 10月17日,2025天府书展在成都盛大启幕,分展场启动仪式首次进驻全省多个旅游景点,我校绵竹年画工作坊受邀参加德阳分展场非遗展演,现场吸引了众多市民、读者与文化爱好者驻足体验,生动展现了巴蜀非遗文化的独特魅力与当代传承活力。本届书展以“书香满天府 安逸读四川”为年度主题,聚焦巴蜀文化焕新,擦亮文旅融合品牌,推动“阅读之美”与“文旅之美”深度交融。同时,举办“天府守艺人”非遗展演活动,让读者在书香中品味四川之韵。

========================

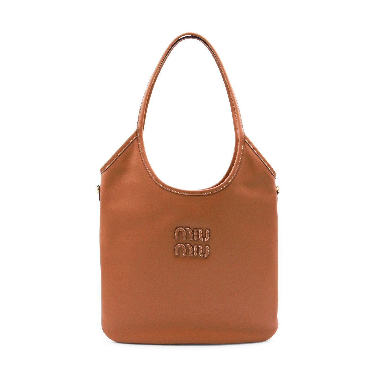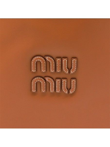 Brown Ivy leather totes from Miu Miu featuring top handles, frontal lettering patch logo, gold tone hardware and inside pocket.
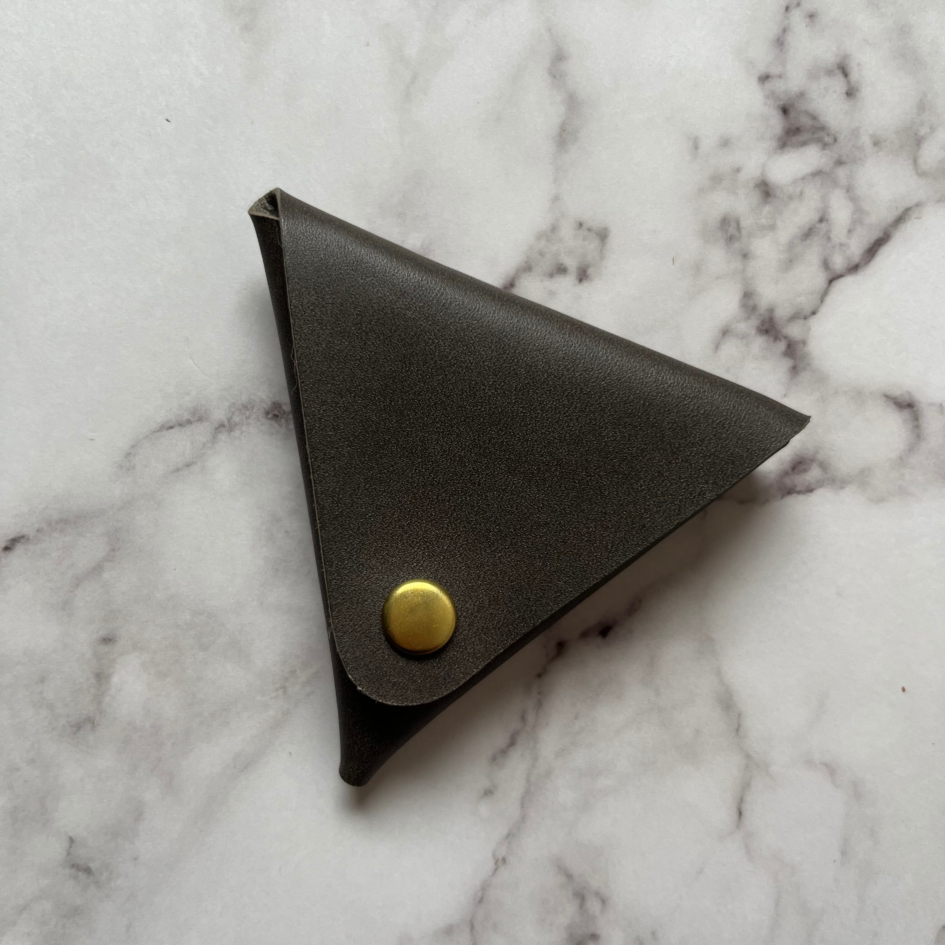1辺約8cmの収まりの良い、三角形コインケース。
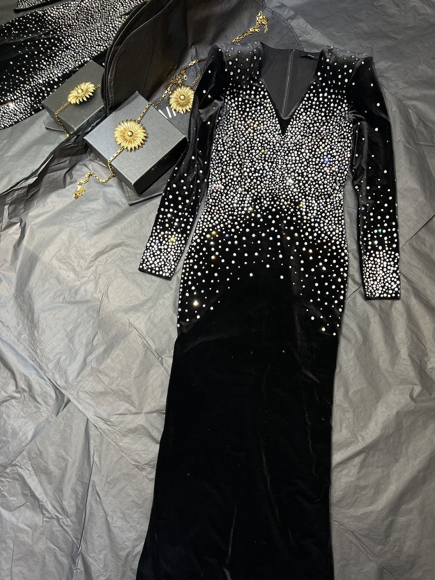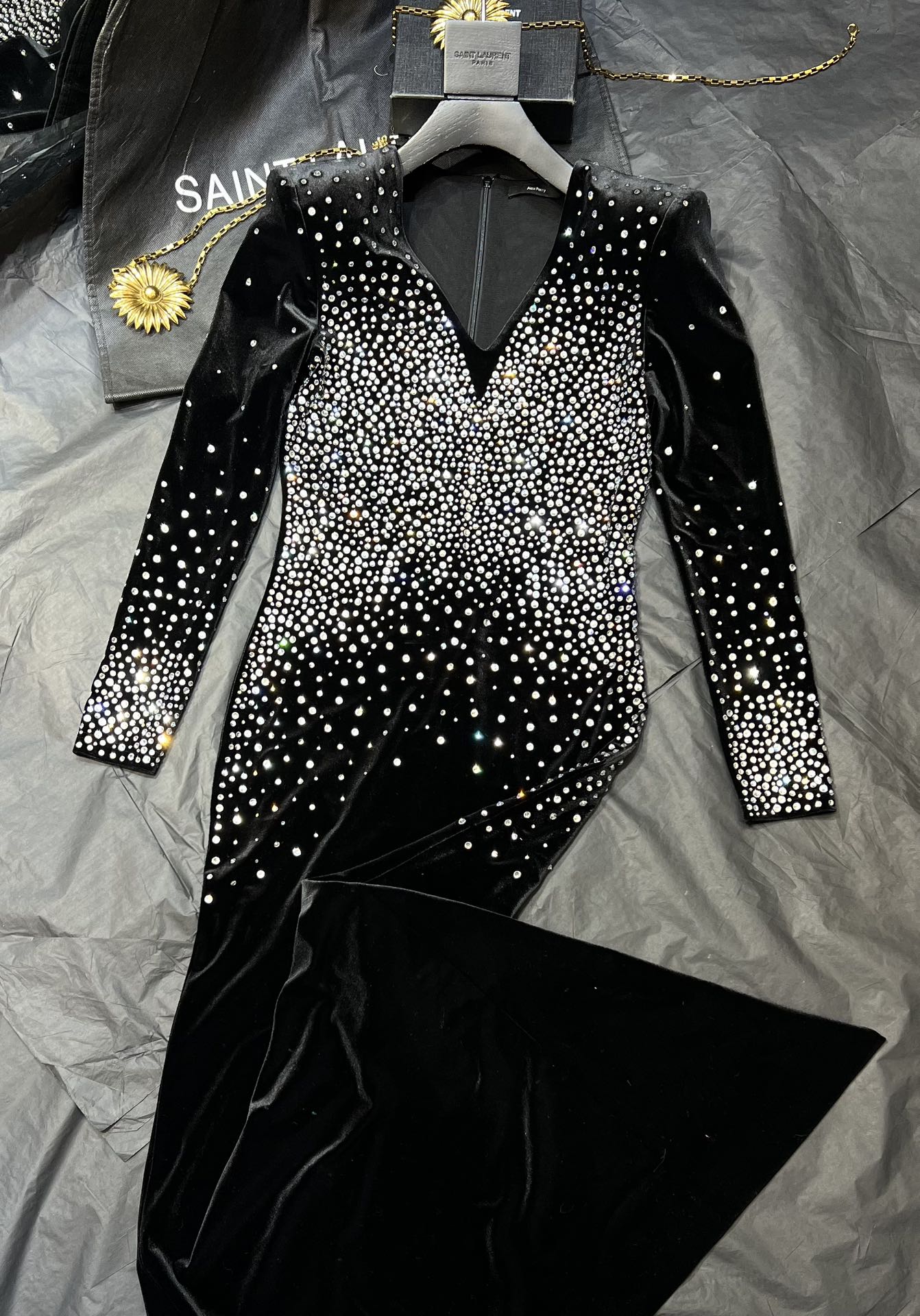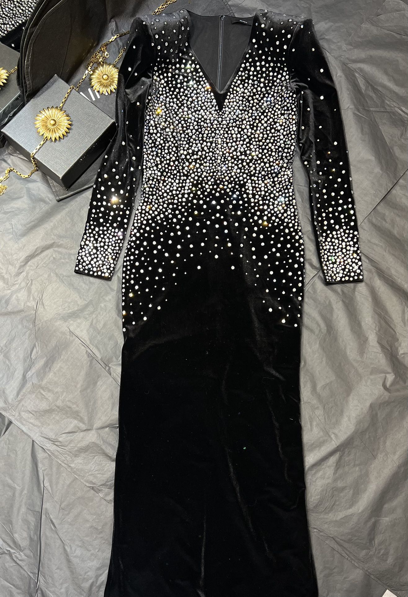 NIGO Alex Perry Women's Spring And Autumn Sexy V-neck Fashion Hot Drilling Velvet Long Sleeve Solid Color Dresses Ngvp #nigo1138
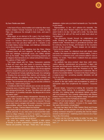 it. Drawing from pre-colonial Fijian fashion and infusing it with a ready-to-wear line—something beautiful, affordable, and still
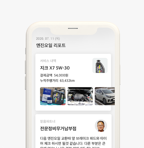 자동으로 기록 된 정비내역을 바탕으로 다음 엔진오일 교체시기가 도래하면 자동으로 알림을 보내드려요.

========================

** What is needed **
Transcribe only this stretch of the data: the line with "1辺約8cmの収まりの良い、三角形コインケース。", the line with "자동으로 기록 된 정비내역을", and every line in between. Leave out the pictures.

** Task solution **
1辺約8cmの収まりの良い、三角形コインケース。
 NIGO Alex Perry Women's Spring And Autumn Sexy V-neck Fashion Hot Drilling Velvet Long Sleeve Solid Color Dresses Ngvp #nigo1138
 it. Drawing from pre-colonial Fijian fashion and infusing it with a ready-to-wear line—something beautiful, affordable, and still
 자동으로 기록 된 정비내역을 바탕으로 다음 엔진오일 교체시기가 도래하면 자동으로 알림을 보내드려요.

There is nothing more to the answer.